Bugün moral değerleri ve öfke açısından, dinamik bir toplumsal süreç yaşanmaktadır. AKP-MHP faşizminin bunca kuşatmasına karşın, toplumsal itirazda hareketli bir dönem, bir karşı koyuş azımsanmayacak düzeydedir. Pandemi süreciyle su yüzüne çıkan neo-liberalizmin krizi, AKP-MHP faşizmini de kapsamına almış ve en bağnaz saldırıları, en kirli oyunları dönüp onu vurma düzeyine gelmiştir.

Devrimci ajitasyondan öte reel bir gerçektir. Faşizm saldırıyor, ama kendi tarihsel sürecinin en zayıf sürecini, en çözümsüz sürecini yaşıyor. Devrimci tarihimizin, devrimci savaş ve birlik konusundaki güçlü kökleri, açtıkları çığır gibi, bugünde yürüyüş güzergahımızdır. Nurhak, Kızıldere, Vartinik, aynı hedefe yönelmiş devrim yolumuzdur.

Devrimin zaferi için pozisyon alan tarihimizin önder bayrakları, bugün faşizme karşı her alanda sürdürdüğümüz savaşımızın, ideolojik-teorik-önderleri olduğu gibi, birlik anlayışımızın da mayalarıdır. HBDH, bu tarihsel devrimci mirasımızın üzerinde yükselmiş ve devrimci savaş mevzilerinde konumlanmıştır.

Nurhak’ların verdiği mesaj nettir. Bu mesaj Kızıldere’de kan ve can pahasına düşmana karşı aynı kararlılıkla direnmiş, dar ağacında Türk ve Kürt halkı başta olmak üzere ezilen halklarımızın özgürlüğü olarak bilenmiş, Diyarbakır zindanlarında düşmanı yenmiştir. Devrimci tarihimizin yolumuzu aydınlatan bu önder bilinci, bugün Gare’de, Amed’de, Dersim’de…. Yani faşizmin barbarlıkla hedefine koyduğu tüm alanlarda, direniş ve kazanma bilinci olarak savaşmaktadır.

Faşizmin katliamlarında dökülen her damla kan, devrim davasını sürdüren devrimci iradedir, devrimci savaşla siyasal iktidara yürüyüştür.
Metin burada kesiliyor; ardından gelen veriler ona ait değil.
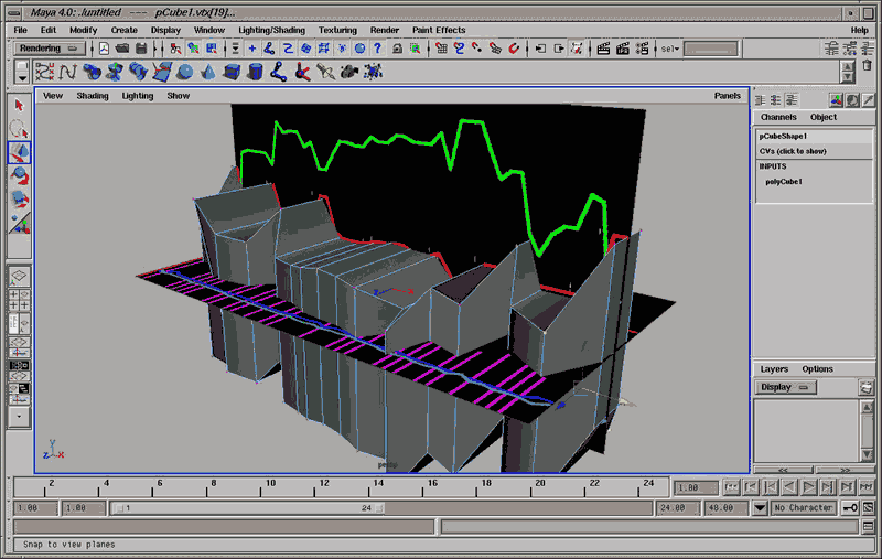 When we came to AHPCC we had a two-fold purpose: 1. Jack Ox, the artist half of our collaboration, needed to work out a process for modeling into 3d objects the information (pitch and loudness) derived from 180 different sound files supplied by Alvin Curran, the composer who is organizing the music of our future Gridjam, and 2. We wanted to experiment with sending these files to Boston on the AccessGrid. The technical support which I was provided was excellent. Chris Davis, our assigned graduate student, was able to understand what I needed and actually taught me to do it myself in Maya. I have been empowered in an incredibly significant way during the residency. And we have determined that because we must make some money back on this project, we cannot utilize student workers on Maya. As I am now prepared to accomplish the entire task with my own hands is very important, and the best solution for the problem. It is actually a good thing for the work when I embark on large and repetitive tasks. I believe that technology should be combined with hand work, i.e. the hand drawn texture maps laboriously produced with pencil and paper over orthographic views of landscape models. Now, during the long process of making 180 models the subtleties of difference and sameness in the sounds and their models will become defined in this visual language as I think with my hands. Unfortunately, the attempt on the AccessGrid was not so successful because programming was not prepared in time so that we were able to send the new objects during our AccessGrid time slot.. We could have achieved this, except that the connection between the Viz Lab and the AG rooms were cut when everything else was working. Tom Caudell said thats research and I expect he is right. Below you can see a model of the sound made by bison. The green line maps the changes in dynmamics (loud/soft) and the red line maps pitch changes. The model is scaled smaller for soft and wider for loud. It is then shifted up and down from the other direction to reflect pitch changes. |

Nurhak’ta ölümsüzleşenlerimiz, devrim davamızın yenilmez abideleridir.

Sinan-Kadir-Alparslan yoldaşlar ölümsüzdür.

Nurhak Şehitleri

dört bir yana haber salsam öldü desem inanır mı dağlar bana geri verin kadir’imi sinan’ımı jandarma kurşunu çaldı canımı tenimden aldı nurhak’a abide kaldı dağlar aldı selamımı nurhak sana güneş doğmaz uçan kuşlar yuva kurmaz dökülen kan yerde kalmaz soracağız hesabını böyle kalır sanma devran yola devam eder kervan öldü sinan doğdu sinan omuzladı silahını

Elde silah, dilde devrimci marşlarıyla ölümsüzleşen Nurhak şehitleri Sinan Cemgil, Alpaslan Özdoğan ve Kadir Manga kavgamızda yaşıyorlar.